#### [Problem to solve]
Beginning at the line that contains "с яркими вкусами.", reproduce the entries below exactly, ending with the line that contains "Buscando mais sobre". Omit each picture.

#### [Supplied data]
※
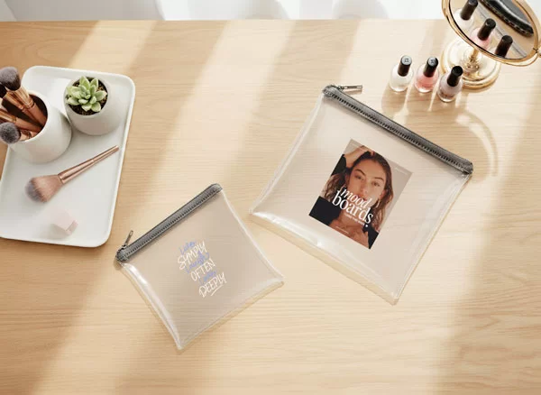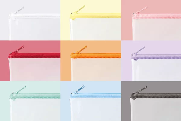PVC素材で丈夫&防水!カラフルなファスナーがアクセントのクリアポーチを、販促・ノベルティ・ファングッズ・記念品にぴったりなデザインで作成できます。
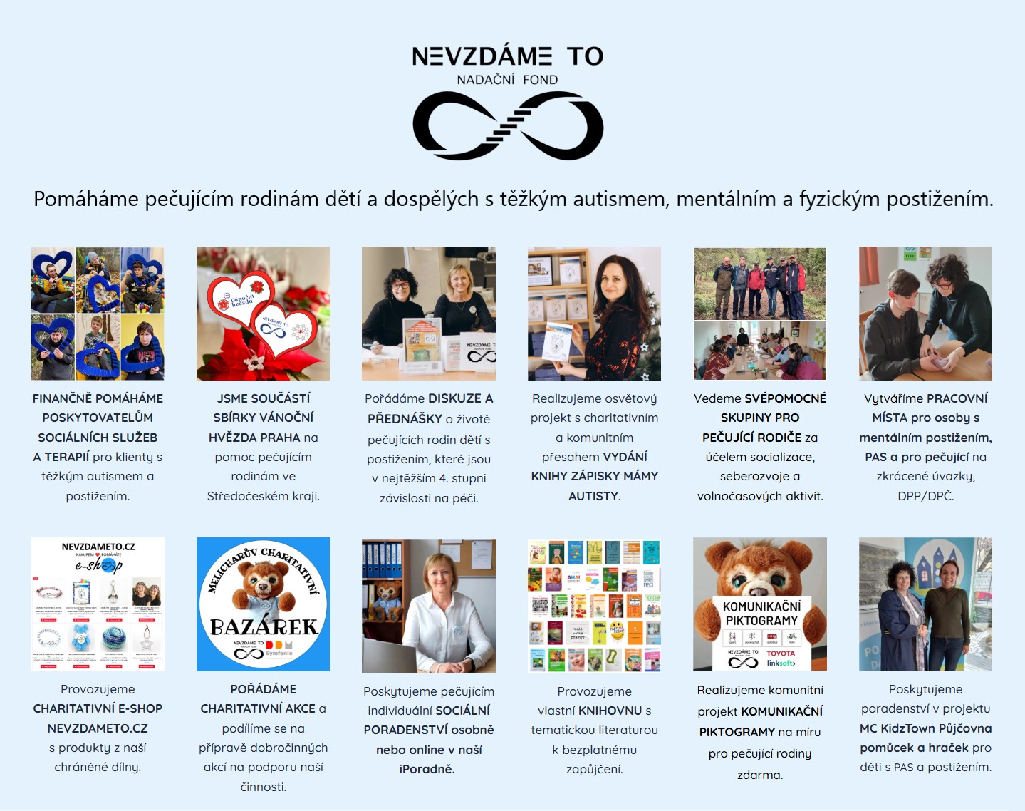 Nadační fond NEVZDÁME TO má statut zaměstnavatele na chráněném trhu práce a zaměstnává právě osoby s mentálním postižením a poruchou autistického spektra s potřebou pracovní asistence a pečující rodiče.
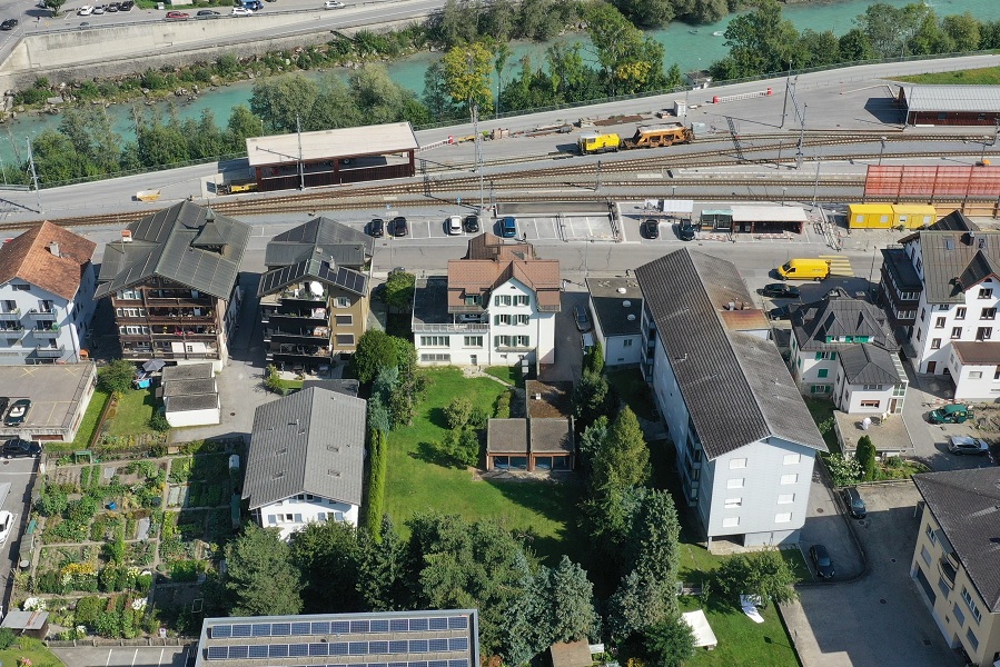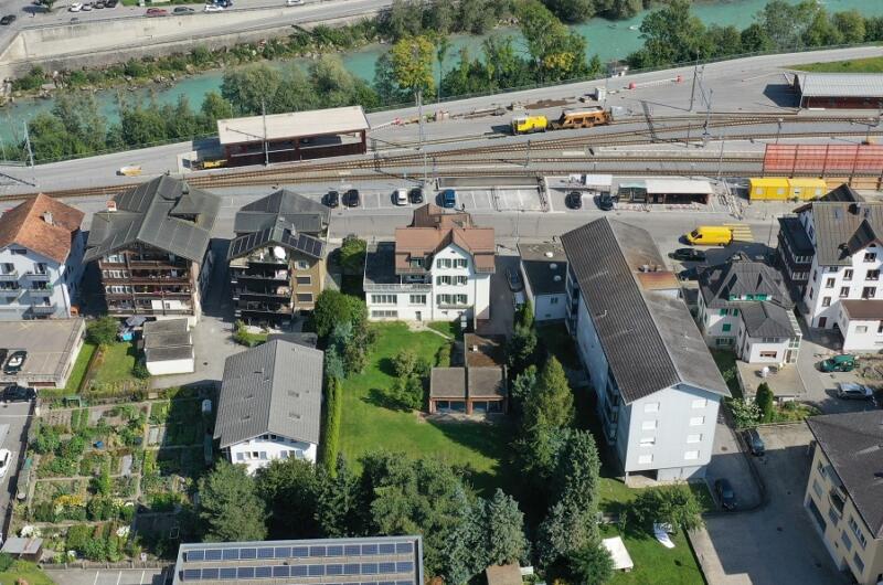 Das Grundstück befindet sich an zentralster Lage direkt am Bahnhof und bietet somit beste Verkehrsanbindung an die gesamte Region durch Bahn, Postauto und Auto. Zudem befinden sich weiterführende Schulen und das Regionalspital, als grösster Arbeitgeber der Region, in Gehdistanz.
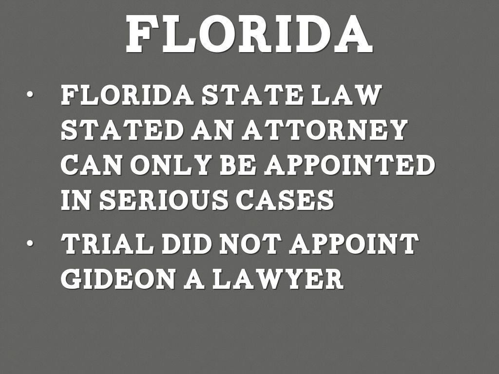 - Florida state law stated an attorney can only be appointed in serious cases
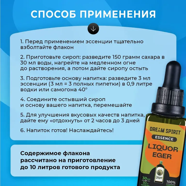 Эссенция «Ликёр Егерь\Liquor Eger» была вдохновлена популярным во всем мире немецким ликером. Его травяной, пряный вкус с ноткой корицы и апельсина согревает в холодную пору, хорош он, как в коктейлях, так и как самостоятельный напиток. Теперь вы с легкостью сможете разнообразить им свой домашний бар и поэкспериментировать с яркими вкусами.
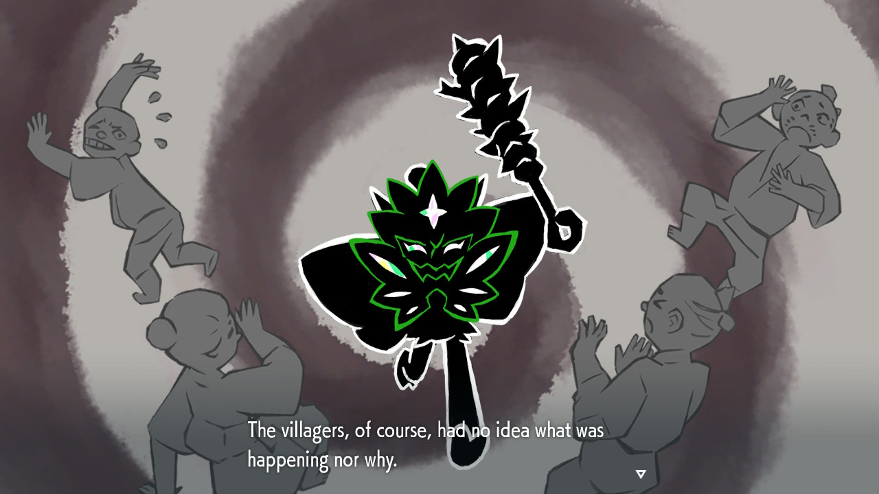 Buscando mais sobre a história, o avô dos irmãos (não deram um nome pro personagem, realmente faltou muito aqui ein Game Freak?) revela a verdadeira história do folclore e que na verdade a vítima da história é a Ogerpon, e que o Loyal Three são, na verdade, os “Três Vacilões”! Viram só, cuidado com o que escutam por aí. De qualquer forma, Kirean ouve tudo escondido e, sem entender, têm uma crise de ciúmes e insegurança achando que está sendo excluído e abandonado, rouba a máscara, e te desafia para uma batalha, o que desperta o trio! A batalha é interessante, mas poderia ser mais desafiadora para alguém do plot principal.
※
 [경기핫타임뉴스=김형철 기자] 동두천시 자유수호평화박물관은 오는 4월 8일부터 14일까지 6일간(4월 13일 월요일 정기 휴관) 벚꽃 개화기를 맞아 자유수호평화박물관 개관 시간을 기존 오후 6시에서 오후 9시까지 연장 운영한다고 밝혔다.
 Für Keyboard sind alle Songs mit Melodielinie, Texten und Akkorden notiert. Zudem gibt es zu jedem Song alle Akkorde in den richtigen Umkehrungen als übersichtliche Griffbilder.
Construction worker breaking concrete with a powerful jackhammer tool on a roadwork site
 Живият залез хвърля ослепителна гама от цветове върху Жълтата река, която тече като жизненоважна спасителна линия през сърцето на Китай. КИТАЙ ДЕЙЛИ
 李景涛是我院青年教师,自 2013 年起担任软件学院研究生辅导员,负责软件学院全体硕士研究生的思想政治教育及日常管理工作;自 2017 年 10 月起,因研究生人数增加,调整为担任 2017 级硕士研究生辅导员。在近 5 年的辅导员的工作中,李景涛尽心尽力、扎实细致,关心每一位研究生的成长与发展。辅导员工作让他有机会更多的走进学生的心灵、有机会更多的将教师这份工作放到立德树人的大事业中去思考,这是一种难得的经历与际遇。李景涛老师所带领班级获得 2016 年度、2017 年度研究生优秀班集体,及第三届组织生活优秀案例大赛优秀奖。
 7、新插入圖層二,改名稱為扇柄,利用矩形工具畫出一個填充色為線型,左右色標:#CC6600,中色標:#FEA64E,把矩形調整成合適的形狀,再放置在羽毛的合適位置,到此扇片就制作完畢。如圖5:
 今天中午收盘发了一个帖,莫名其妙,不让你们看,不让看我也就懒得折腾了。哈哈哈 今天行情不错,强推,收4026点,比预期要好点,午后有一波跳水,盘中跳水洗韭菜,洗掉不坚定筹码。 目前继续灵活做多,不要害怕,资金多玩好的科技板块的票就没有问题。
※
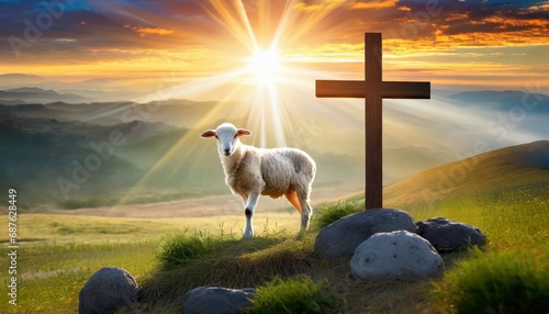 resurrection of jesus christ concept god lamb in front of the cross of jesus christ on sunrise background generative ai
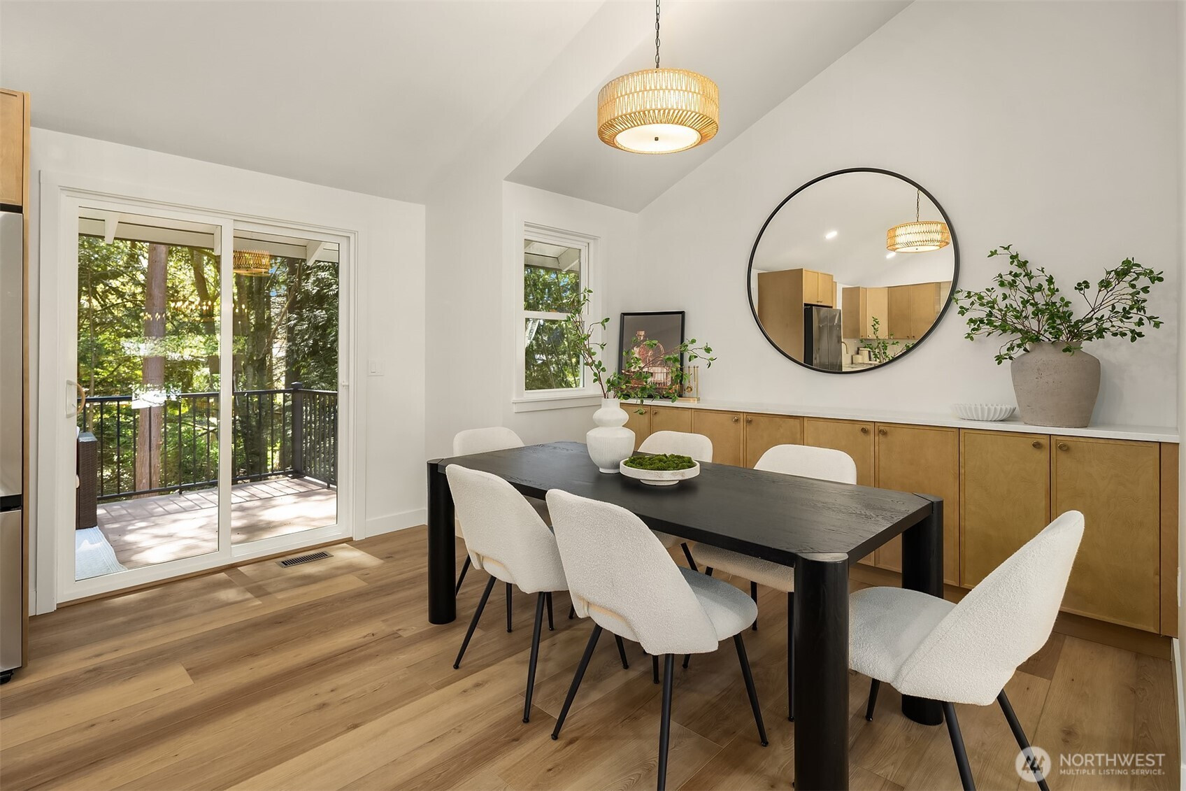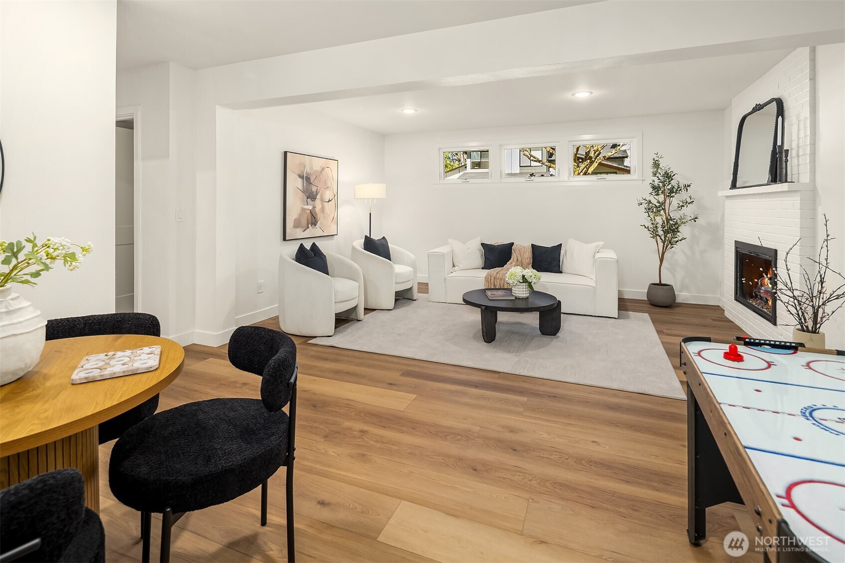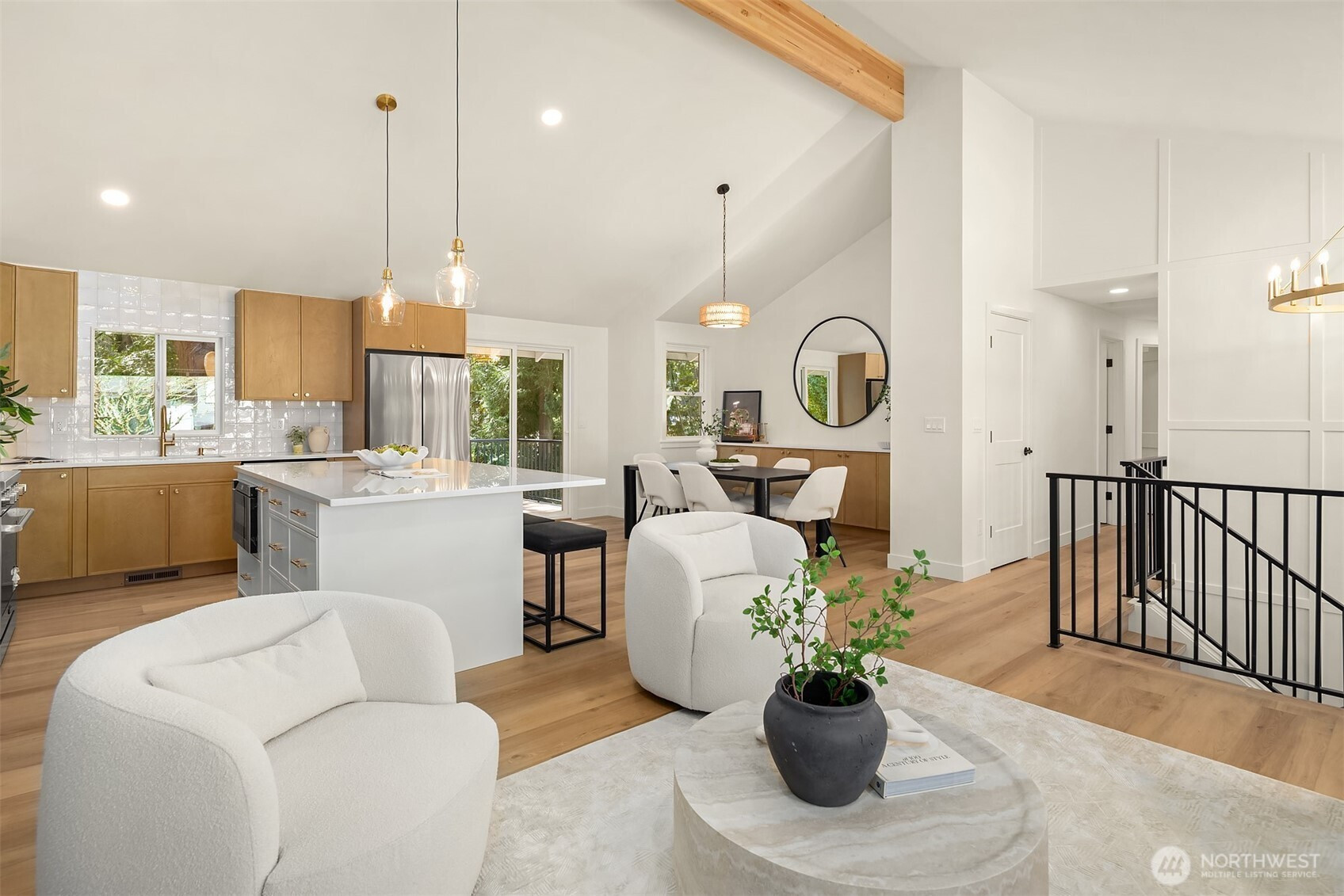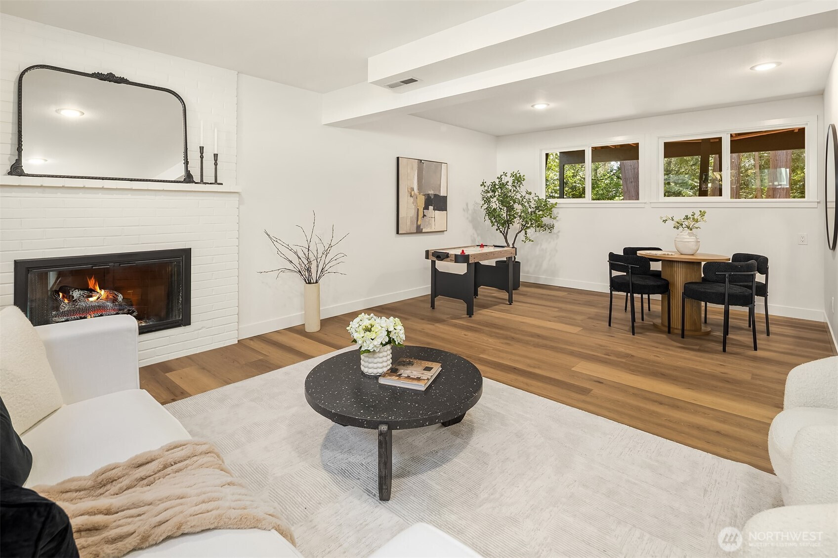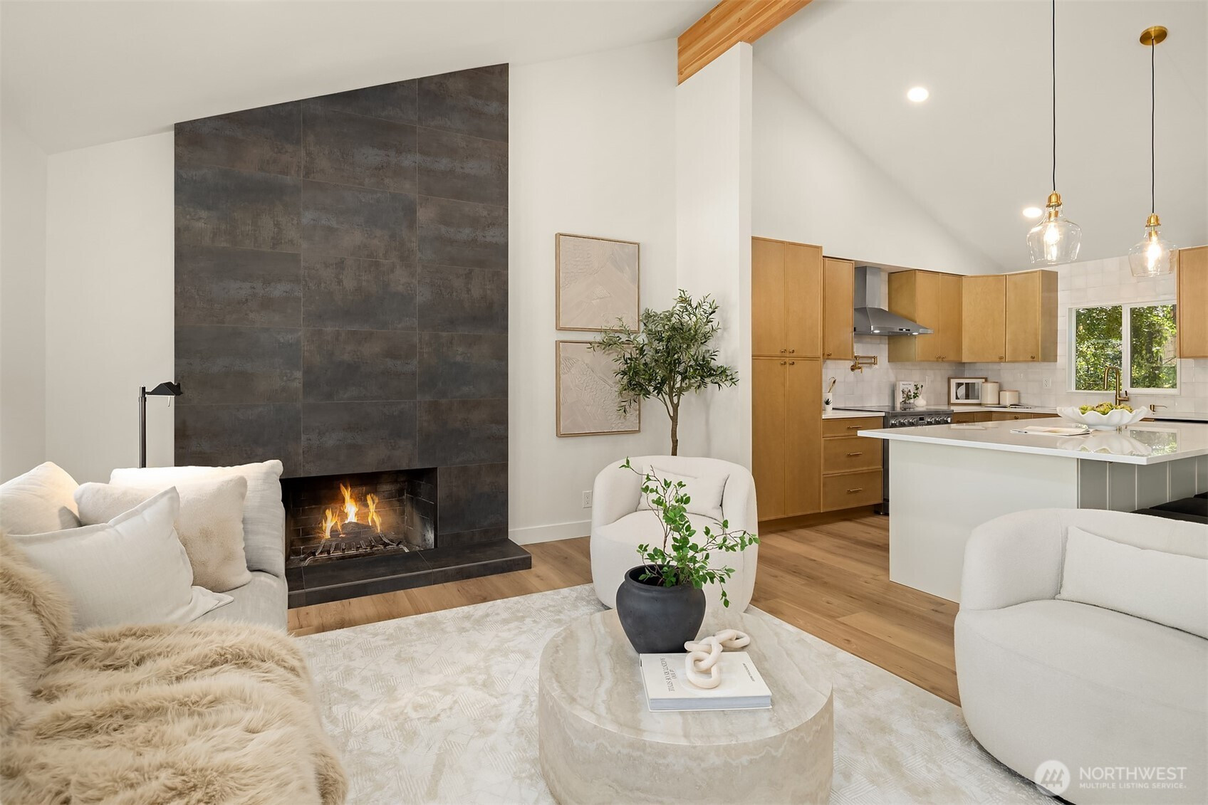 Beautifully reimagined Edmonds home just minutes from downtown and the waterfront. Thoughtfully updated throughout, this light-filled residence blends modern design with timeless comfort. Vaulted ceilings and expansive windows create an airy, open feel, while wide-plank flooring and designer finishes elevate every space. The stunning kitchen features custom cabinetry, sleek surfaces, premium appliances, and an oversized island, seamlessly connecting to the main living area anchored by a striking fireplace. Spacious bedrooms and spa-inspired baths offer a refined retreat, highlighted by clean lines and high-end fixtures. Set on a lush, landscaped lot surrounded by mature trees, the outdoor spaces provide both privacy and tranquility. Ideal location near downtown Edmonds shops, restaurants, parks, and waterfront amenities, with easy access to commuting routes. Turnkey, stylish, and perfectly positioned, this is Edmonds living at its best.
※
#### [Reply]
 Эссенция «Ликёр Егерь\Liquor Eger» была вдохновлена популярным во всем мире немецким ликером. Его травяной, пряный вкус с ноткой корицы и апельсина согревает в холодную пору, хорош он, как в коктейлях, так и как самостоятельный напиток. Теперь вы с легкостью сможете разнообразить им свой домашний бар и поэкспериментировать с яркими вкусами.
 Buscando mais sobre a história, o avô dos irmãos (não deram um nome pro personagem, realmente faltou muito aqui ein Game Freak?) revela a verdadeira história do folclore e que na verdade a vítima da história é a Ogerpon, e que o Loyal Three são, na verdade, os “Três Vacilões”! Viram só, cuidado com o que escutam por aí. De qualquer forma, Kirean ouve tudo escondido e, sem entender, têm uma crise de ciúmes e insegurança achando que está sendo excluído e abandonado, rouba a máscara, e te desafia para uma batalha, o que desperta o trio! A batalha é interessante, mas poderia ser mais desafiadora para alguém do plot principal.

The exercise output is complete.